Papules of pityriasis lichenoides acuta are characterized histopathologically by a wedge-shaped, superficial and deep, perivascular infiltrate of lymphocytes, and by lymphocytes scattered along the dermoepidermal junction in association with vacuolar alteration. Individual necrotic keratocytes are present throughout an epidermis that displays ballooning and spongiosis. Parakeratosis that may house neutrophils is also present. If extravasated erythrocytes are numerous, the lesions will be purpuric. If ballooning and spongiosis eventuate in vesiculation, a papulovesicle is the result. When epidermal necrosis is extensive and ulceration supervenes, an eschar comes into being. If ulceration is deep enough, a scar results.

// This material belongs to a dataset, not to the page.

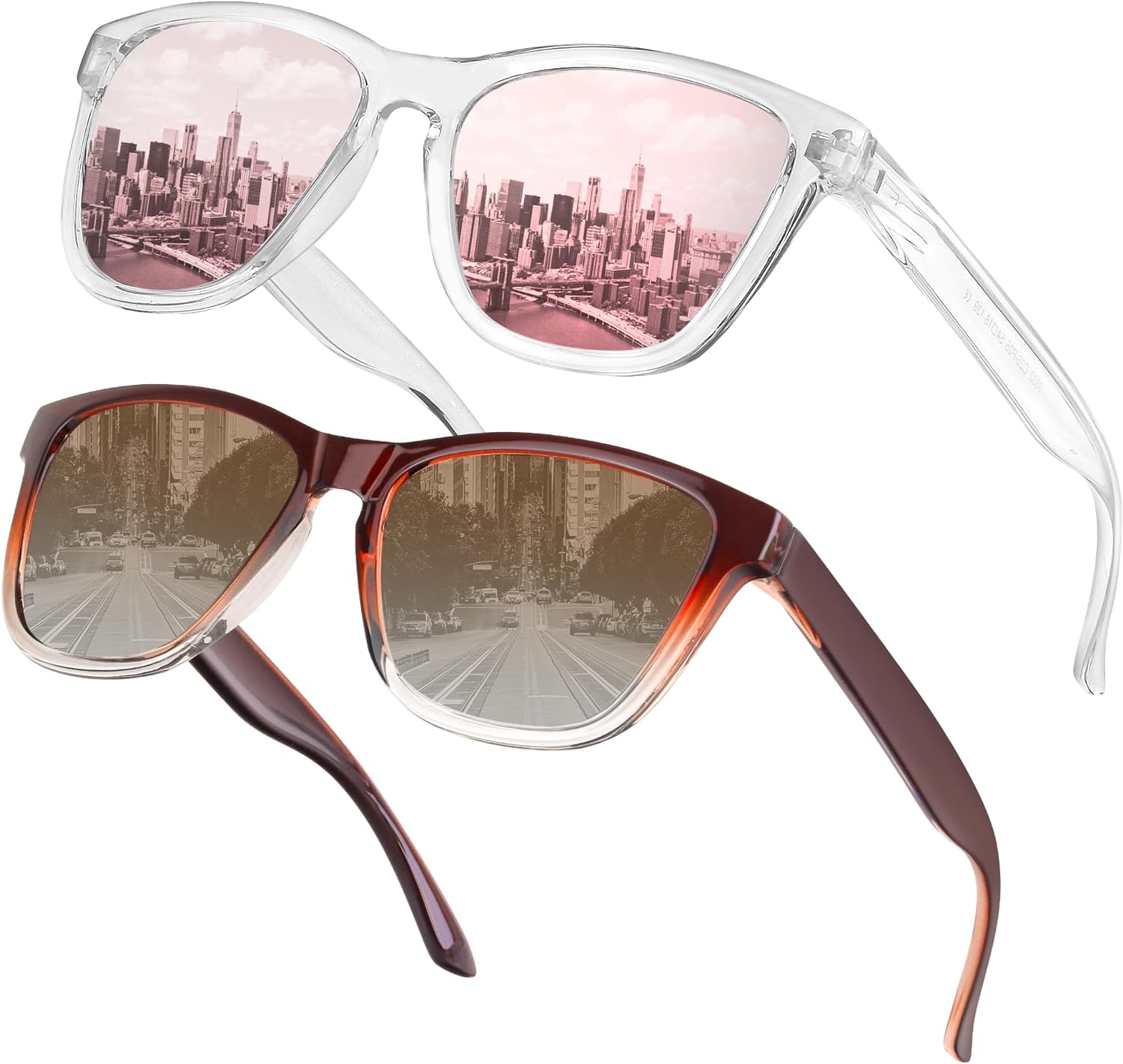 Ulknyss Polarised Sunglasses Womens Retro Square Sunglasses with UV Protection 2 Pack Classic Shades for Women Ladies Fashion Driving Travel

Pityriasis lichenoides chronica is typified histopathologically by a superficial perivascular infiltrate of lymphocytes, lymphocytes in association with vacuolar alteration along the dermoepidermal junction, only a few necrotic keratinocytes within the epidermis, just a hint, if that, of ballooning and spongiosis, and subtle mounds of parakeratosis. The lesions of this scaly clinical presentation never progress to vesiculation, ulceration, eschars, or scars.

Not surprisingly, some patients with pityriasis lichenoides show acute and chronic lesions concurrently. The fulminant expression of the process is simply a caricature of pityriasis lichenoides acuta.

Despite some similarities in the clinical appearance between Mucha-Habermann disease and lymphomatoid papulosis, the two are unrelated. Mucha-Habermann disease is an inflammatory process, whereas lymphomatoid papulosis is a lymphoma.